Introduction

At Toast, we built a synchronization pipeline that processes real-time employee change events and syncs them to external partner systems — in this case, a customer's Learning Management System (LMS). The goal: when a restaurant hires, updates, or terminates an employee in Toast, that change automatically propagates to every connected tool so employee data stays consistent across systems. 

Events flow through multiple integration points — gRPC services for enrichment, REST APIs for external data mapping, and email notifications when a mapping is incompatible or missing for an employee. We chose Apache Camel as our routing framework because it gave us aggregation, retry, and dead-letter queue handling out of the box.

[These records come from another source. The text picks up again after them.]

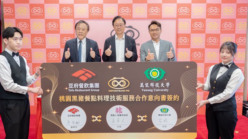 桃園市長張善政現場見證豆府餐飲集團及萬能科技大學簽署「桃園黑豬餐點料理技術服務合作意向書」。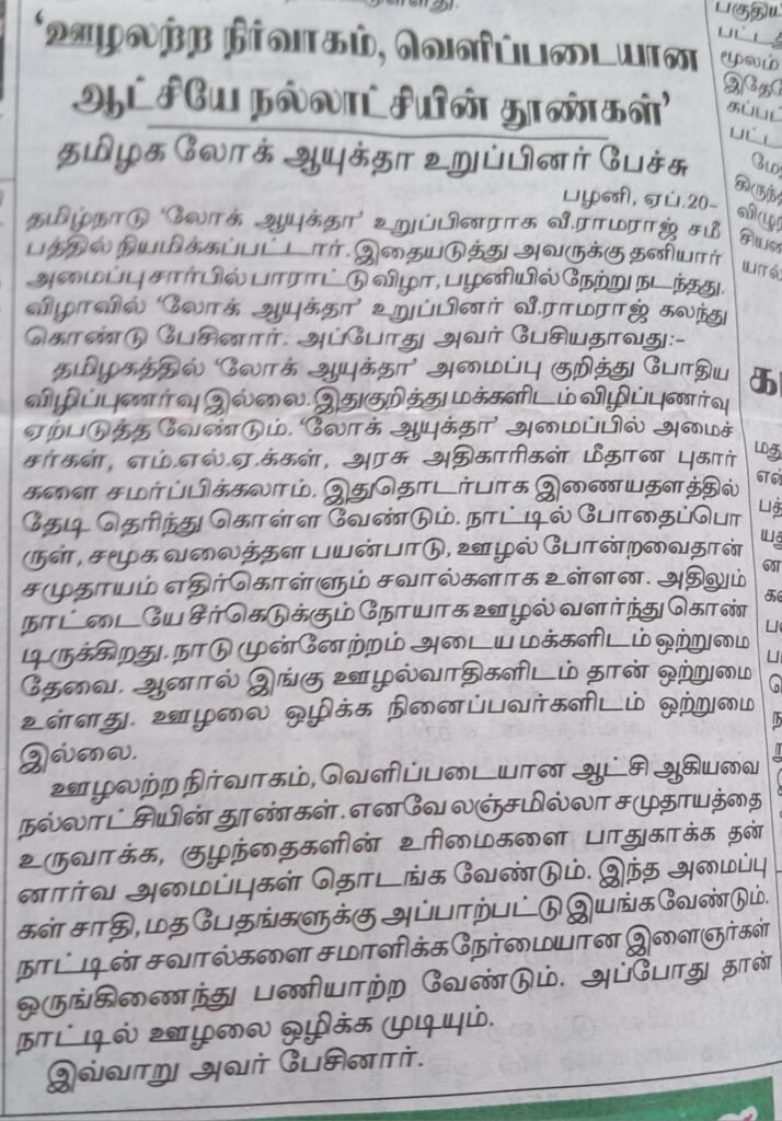 இத்தகைய தன்னார்வ சங்கங்கள் அரசியல் கட்சிகளுக்கு அப்பாற்பட்டும்   சாதி, மதம் போன்ற   வட்டங்களுக்கு அப்பாற்பட்டும் இயங்குவதாக இருக்க வேண்டும். இவற்றை வழிநடத்த நேர்மையான இளைஞர்கள் முன் வர வேண்டும். இதன் மூலம் நாட்டில் நிலவும் ஊழலை ஒழிக்க இயலும். அமைச்சர்கள், எம் எல் ஏக்கள், ஐஏஎஸ்,  ஐபிஎஸ் அதிகாரிகள் முதல் அரசின் கடைநிலை ஊழியர் வரை   அரசு பணியாளர்கள் மீதான ஊழல் குறித்த புகார்களை தமிழ்நாடு லோக் ஆயுக்தாவில் சமர்ப்பிக்கலாம். இத்தகைய புகார்கள் எவ்வாறு சமர்ப்பிக்கப்பட வேண்டும் என்ற முழுமையான விவரம் தமிழ்நாடு லோக் ஆயுக்தாவின் இணையதளத்தில் வெளியிடப்பட்டுள்ளது. ஊழலற்ற நிர்வாகமும் வெளிப்படையான ஆட்சி முறையும் நல்லாட்சிக்கு தூண்களாக விளங்குகின்றன என்று லோக் ஆயுக்தா நீதிபதி வீ. ராமராஜ் பேசினார்.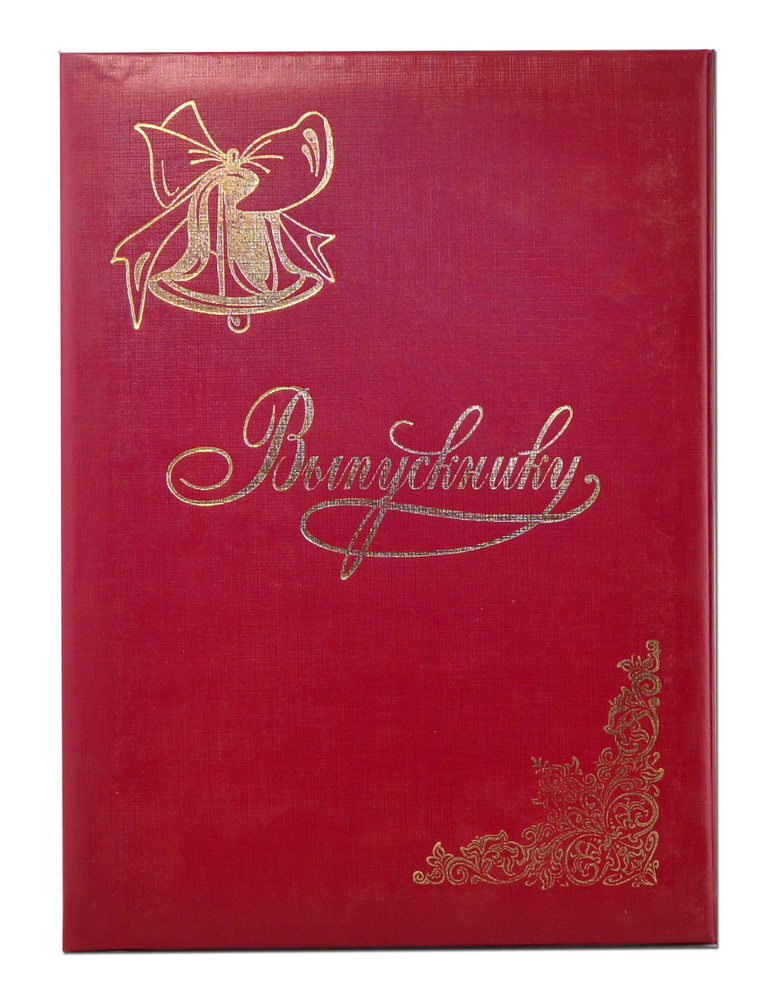 Форзацы изготовлены из плотной бумаги белого цвета. Надпись выполнена методом золотого тиснения. Такая папка станет отличным аксессуаром для хранения выпускных фотографий и напутственных слов.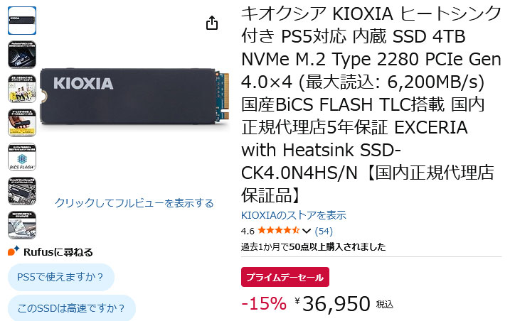 M.2 SSDはKIOXIAの4TBを購入! これはGen4なんだけど、急いで5にする必要はないかな?と思っています 価格がバカ高いし発熱も多いしね

But using one of its most powerful features — batch aggregation — introduced a reliability challenge: how do we guarantee zero message loss when the default acknowledgment mechanism breaks down mid-pipeline? 

This post covers the trade-off that came with batching, and the patterns we built to solve it — patterns we can apply in our own event-driven pipelines.

The Pipeline

Our pipeline processes two types of events:

• Real-time events — employee changes (hired, updated, terminated) published to a Pulsar topic as Protobuf messages

• Manual sync requests — on-demand re-sync of all employees for a given restaurant, triggered when external mapping data changes

Building and maintaining the routing, retry, batching, and failure handling for that chain ourselves would have been significant ongoing work. We chose Apache Camel because it solves all of that out of the box — aggregation, content-based routing, retry with backoff, and dead-letter queue handling are all first-class primitives. It is also a pattern used across Toast engineering teams, so the operational knowledge transfers. 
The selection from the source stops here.